Thanks for the detailed summary and code. You’re on the right track with isolating documents into separate OS processes and brokering cross-process calls. Below is an actionable plan that addresses the main flaws and guides a refactor toward a robust, efficient, and cross-platform architecture.

High-level goals to keep
- Keep process isolation per document (“renderer”), supervised by a single “workspace” process.
- Enforce single-writer/single-process ownership for resources that require it (e.g., database).
- Allow renderers to call services via well-defined, capability-gated IPC.
- Ensure a renderer crash doesn’t bring down the workspace or other renderers.
- Provide a high-throughput/low-overhead path for large payloads (e.g., frames).

What’s problematic today
- Transport and protocol
  - JSON over HTTP with polling (ureq + tiny_http) is inefficient, blocking, and hard to extend (no backpressure, no streaming, high overhead for binary frames).
  - Polling with tight loops is wasteful. You want a persistent, duplex channel with request-response and streaming support.
- Concurrency model
  - Mixing Tokio async and blocking (ureq, tiny_http, std::thread::spawn) will cause performance and correctness problems.
  - Global state via OnceCell<Arc<Mutex<…>>> plus std::sync::Mutex inside async contexts is risky; you can deadlock or block the runtime.
- Process management
  - No proper supervisor tree semantics; cleanup relies on panic hooks and best-effort iteration, not OS facilities.
  - ProcessManager uses processes.len() for IDs; removing entries later can lead to ID reuse/bugs.
  - No structured lifecycle (graceful shutdown with escalation; heartbeats; watchdog).
- Security/authorization
  - Per-channel “auth key in header” with dynamic add_channel is simple but doesn’t tie method authorization to capabilities; any holder of a channel can call any method for that service.
  - Server trusts names too much (Vec<Channel> keyed by name). Use a map keyed by unguessable token, and bind allowed methods per token.
- Design boundaries
  - Storage/DB code in IPC module is a smell. If DB is single-process, make it a dedicated service process and move DB code behind that service’s API.
  - “One subprocess per Rust module” will cause a process explosion and awkward service boundaries. Prefer a small set of service processes with well-defined APIs, not per-module processes.
- Data plane for frames
  - JSON-encoding bitmaps is a non-starter for performance.

Recommended architecture

1) Process model and supervision
- Workspace = supervisor + IPC router
  - Owns all listener endpoints.
  - Spawns and tracks child processes and their metadata.
  - Enforces authorization by capability token per child.
  - Handles routing for anything that must be centrally arbitrated (e.g., access to shared services).
- Service processes (stable small set)
  - storage service: sole owner of the DB (only this process touches the DB).
  - io/network service(s): optional, depending on how much you want to isolate.
  - renderer processes: one per document (and per embedded document), sandboxed.
- Renderer subprocesses should not spawn more subprocesses directly
  - Instead, renderers ask the workspace to spawn a child (renderer or worker), passing a capability bundle. This preserves policy enforcement and supervision.
- OS-level supervision
  - Unix: create a new process group/session for each renderer subtree (setpgid) and set PR_SET_PDEATHSIG to ensure children die if parent dies.
  - Windows: attach each subtree to a Job Object with “kill on close” semantics. On shutdown, terminate the job to kill the whole subtree.
  - Keep explicit Child handles and wait on exit to reclaim resources and update ProcessManager.

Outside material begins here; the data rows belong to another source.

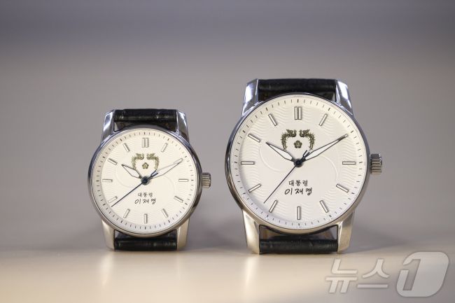 대통령실은 5일 서울 용산 대통령실 청사에서 강유정 대변인 브리핑을 통해 이재명 대통령 기념 손목시계를 공개했다. 사진은 왼쪽은 여성용, 오른쪽은 남성용 이 대통령 기념 손목시계. (대통령실 제공. 재판매 및 DB 금지) ⓒ News1 이재명 기자 (서울=뉴스1) 한재준 한병찬 기자 = 이재명 대통령 취임 6개월을 맞아 5일 대통령 손목시계가 공개됐다. 강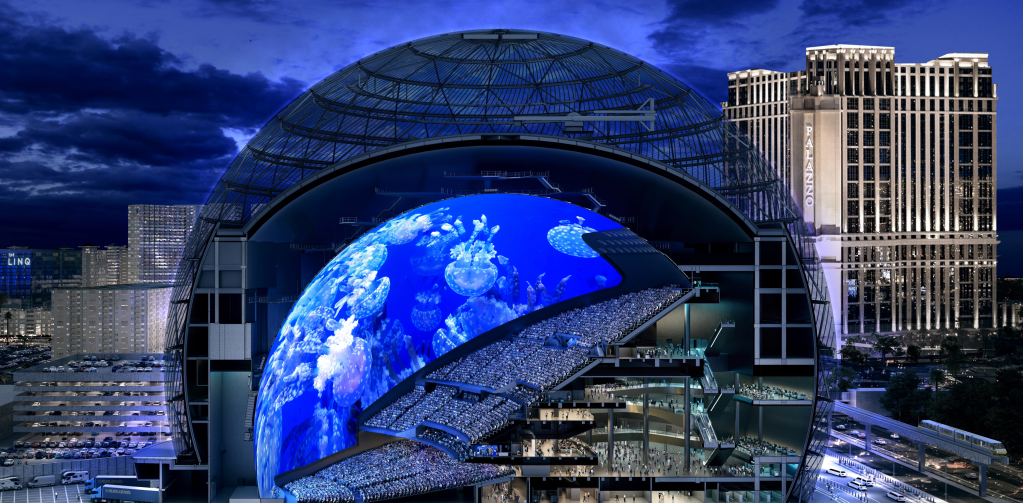 If you’re not familiar with the Sphere megaproject, here’s a fantastic section to understand the enormous scale of the both the outer and inner LED domes:
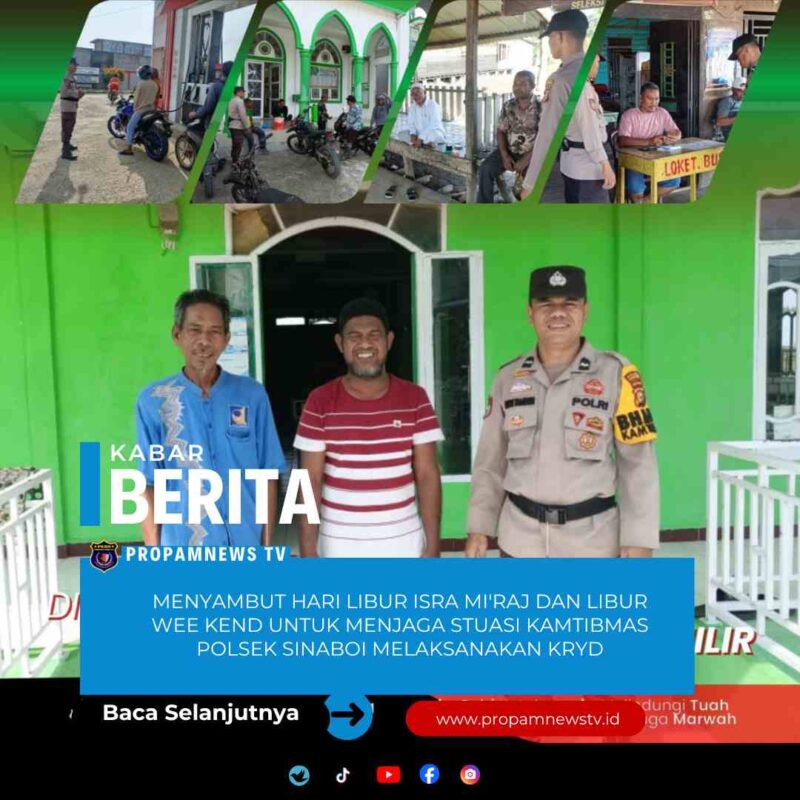 //propamnewstv.id – Dalam upaya menjaga keamanan dan ketertiban masyarakat pada saat long weekend kend Polsek Sinaboi melaksanakan Kegiatan Rutin yang Ditingkatkan (KRYD) di wilayah hukum Polsek Sinaboi, Jumat (16/1/2026).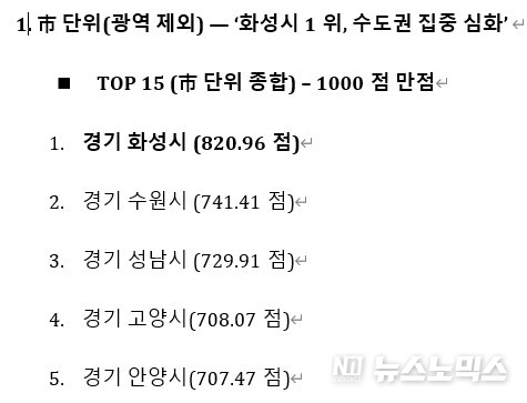 이번 조사에서 시(광역 제외) 단위 전국 1위는 경기도 화성시가 차지했다.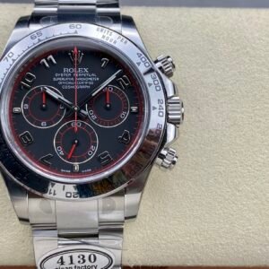 Size 40mm x 12.2mm Movement Asian Super Clone4130 movement 28800vph, 1:1 replicated from the genuine movement, fully functional. Blue spring same as genuiine. 72 Hours power reserve, ShangHai 4130 movement Functions Hours, minutes, sub-seconds display and chronograph Case Solid 904L stainless steel case Crystal Scratch-proof sapphire crystal with AR coating Dial Black dial Bezel Black ceramic tachymeter bezel with steel wrapped Strap Real ARF 904L stainless steel bracelet with perfect SEL, smooth and soft Clasp Deployant clasp Water resistance >50 Meters Please be informed that this rating is merely a guide. We do do not advise submerging or immersing any replica watch in water unless you have had your watch water-proofed by a professional. We do not guarantee the product’s water-resistance and as such we do not refund, offer store credit, exchange or do a free repair on any watch that has water damage. -

2) IPC transport and protocol
- Transport
  - Use a persistent, duplex, framed connection per process.
    - Unix: Unix Domain Sockets via tokio::net::UnixStream
    - Windows: Named Pipes via a crate like tokio-named-pipes or interprocess crate (LocalSocket) for a cross-platform abstraction.
  - Avoid per-message HTTP or polling. Maintain a single connection and multiplex logical channels over it.
- Framing & serialization
  - Use length-delimited framing (tokio-util::codec::LengthDelimitedCodec) or an established RPC protocol.
  - Serialize with bincode or MessagePack (rmp-serde) for compactness. JSON can still be supported for debug, but not for hot paths.
  - Define a tagged enum for messages: Request { id, method, args }, Response { id, result|error }, Event { … }, Stream { id, chunk|eof }, etc.
- Multiplexing
  - Implement request-response with correlation IDs.
  - Support cancellation (client can send “cancel id”).
  - For high-volume streams (frames), create a substream concept or move the payload into shared memory (see below).
- Authorization
  - On connection setup, client sends a workspace-minted capability token.
  - The server binds that connection to a capability set: allowed methods and quotas. Enforce on every request by connection ID.
  - Eliminate the current “add_channel” by name; the workspace registers processes internally, and clients only authenticate once per connection with an unguessable token.
- Typed API surface
  - Prefer a compile-time-checked API: define traits/enums representing methods. Use serde with enums or codegen (e.g., tarpc, tonic) to generate client/server stubs.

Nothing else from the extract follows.